Secretary of Defense Robert Gates and Secretary of State Hillary Clinton have been making a joint visit to South Korea to demonstrate U.S. support amid tensions with neighboring rival North Korea.

Secretary of Defense Robert Gates and Secretary of State Hillary Clinton have been making a joint visit to South Korea to demonstrate U.S. support amid tensions with neighboring rival North Korea.

It was a visit filled with symbolism. The top U.S. diplomat and military chief stood at Panmunjom in the Demilitarized Zone (DMZ) between North and South Korea, gazing northward in the rain.


Their presence along the heavily fortified frontier was a stark reminder of the priority the United States places on its alliance with democratic South Korea, more than half a century after the Korean War ended in a truce, without a peace treaty.

Some 2 million troops remain massed along both sides of the DMZ.

Secretary of State Hillary Clinton said today that the United States stands firmly with South Korea.

Clinton also announced that Washington will impose new sanctions aimed at stifling the North's nuclear activities, and targeting illicit moneymaking schemes used to fund them.

At the same time, she held out an olive branch to the communist North.

"We continue to send a message to the North: There is another way. There is a way that can benefit the people of the North," Clinton said.
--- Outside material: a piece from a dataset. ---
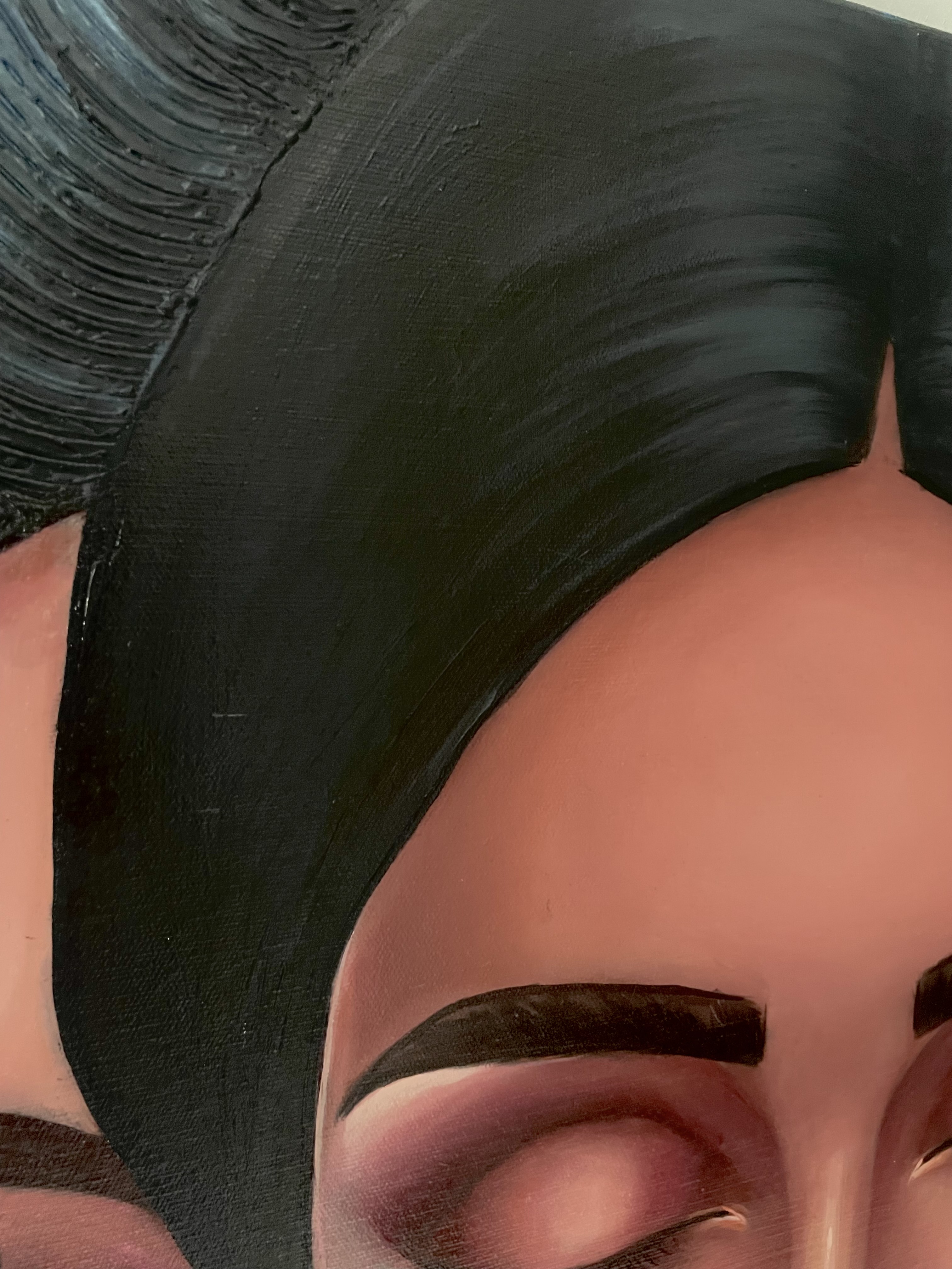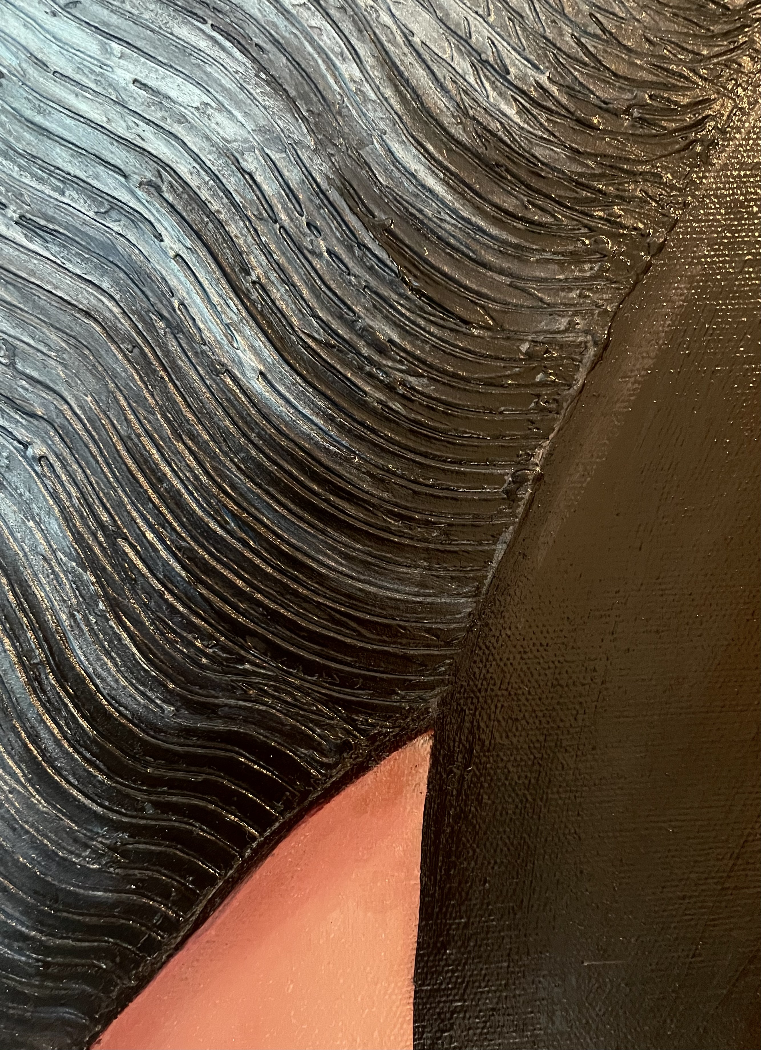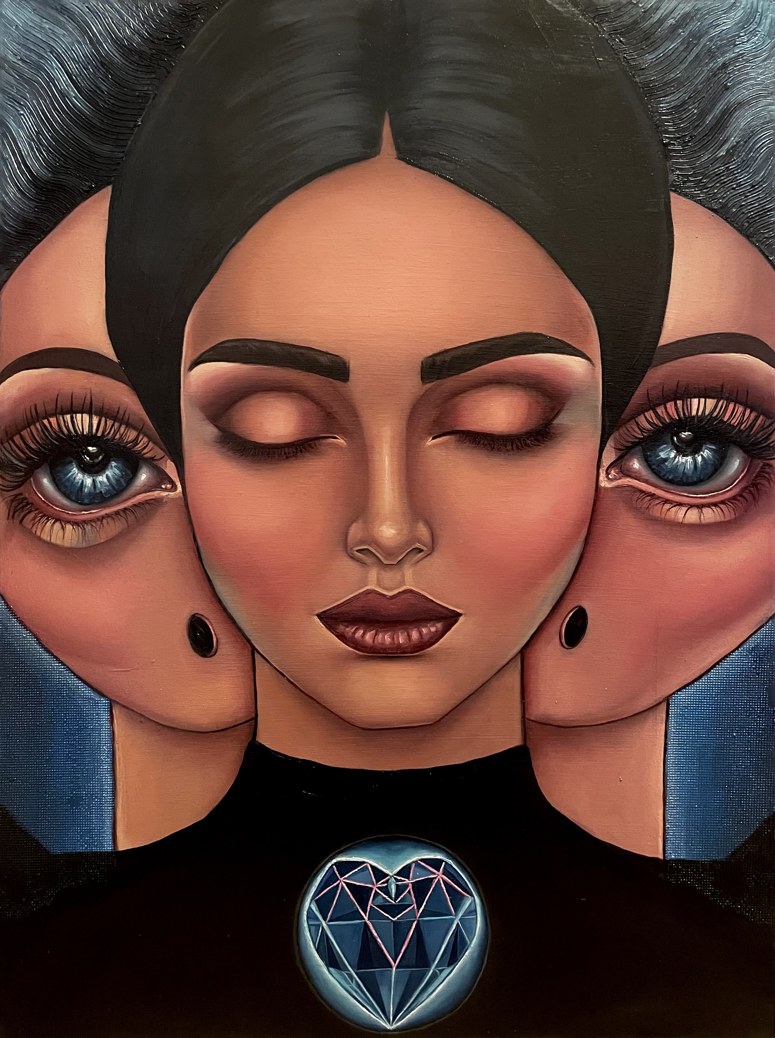 Obraz jest refleksją nad złożonością tożsamości i napięciem między wnętrzem a tym, co widoczne na zewnątrz. Centralna postać symbolizuje spokój i introspekcję, podczas gdy otaczające twarze odnoszą się do sposobu, w jaki jednostka bywa postrzegana przez innych. Geometryczne, krystaliczne serce nawiązuje do jednoczesnej siły i kruchości emocji oraz wielowymiarowości prawdy

"But until they change direction, the United States stands firmly on behalf of the people and the government of the Republic of Korea."

She was referring to U.S. offers of help to the impoverished North if it gives up its nuclear bomb-making program.

Secretary of Defense Robert Gates said the North has suffered from its isolation.

"It's stunning how little has changed up in the North and yet how much South Korea continues to grow and prosper," he said. "The North, by contrast, stagnates in isolation and deprivation."

Military Exercises

Their remarks come as tensions on the peninsula are rising again over the North's nuclear program and the sinking of a South Korean warship in March.

The two officials laid a wreath at a memorial to the 46 South Korean sailors killed in the warship incident. An international investigation determined that a torpedo fired by North Korea was responsible for sinking the "Cheonan" -- though this has been denied by Pyongyang.

As part of their reaction to the incident, the United States and South Korea are holding a major joint naval exercise aimed at deterring North Korea. The exercises have been criticized both by North Korea and its only major ally, China.

Officials say the July 25-28 drill in the Sea of Japan will involve about 20 ships, including the 97,000-ton U.S. aircraft carrier "USS George Washington" and some 200 military planes.